Yuan Q, Song Y, Yang CH, Jan LY, Jan YN. Nat. Neurosci. 2014; 17(1): 81-88.

Affiliation

1] Department of Physiology and Howard Hughes Medical Institute, University of California at San Francisco, San Francisco, California, USA. [2] [3].

Copyright

(Copyright © 2014, Holtzbrinck Springer Nature Publishing Group)

DOI

10.1038/nn.3581

PMID

24241395

Abstract

Intraspecific male-male aggression, which is important for sexual selection, is regulated by environment, experience and internal states through largely undefined molecular and cellular mechanisms. To understand the basic neural pathway underlying the modulation of this innate behavior, we established a behavioral assay in Drosophila melanogaster and investigated the relationship between sexual experience and aggression. In the presence of mating partners, adult male flies exhibited elevated levels of aggression, which was largely suppressed by prior exposure to females via a sexually dimorphic neural mechanism.
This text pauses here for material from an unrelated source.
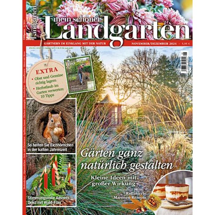 Ein Garten-Magazin für das persönliche Paradies unter freiem HimmelMein schöner Landgarten richtet sich an eine Leserschaft aus naturbegeisterten Hobby-Gärtnern, die gerne mehr über Pflege und Pflanzen erfahren möchten. Viele interessante Informationen zeigen wie Sie nachhaltig pflanzen und Ihre Beete in voller Pracht erblühen lassen können.Aufregende Tipps zeigen Ihnen den besten Weg um aus Ihrem Garten eine wunderschöne Oase zu schaffen.Leserinnen und Leser dieses Magazins lieben ländliche Gärten und schätzen die Schönheit der Natur.Schöne Ideen zum Dekorieren lassen Sie selbst kreativ werden, köstliche Rezepte lassen sich gut mit Produkten aus Ihrem eigenen Garten kombinieren und Berichte über Natur und Tier bringen Ihnen die Umwelt näher.

The suppression involved the ability of male flies to detect females by contact chemosensation through the pheromone-sensing ion channel ppk29 and was mediated by male-specific GABAergic neurons acting on the GABAA receptor RDL in target cells. Silencing or activating this circuit led to dis-inhibition or elimination of sex-related aggression, respectively. We propose that the GABAergic inhibition represents a critical cellular mechanism that enables prior experience to modulate aggression.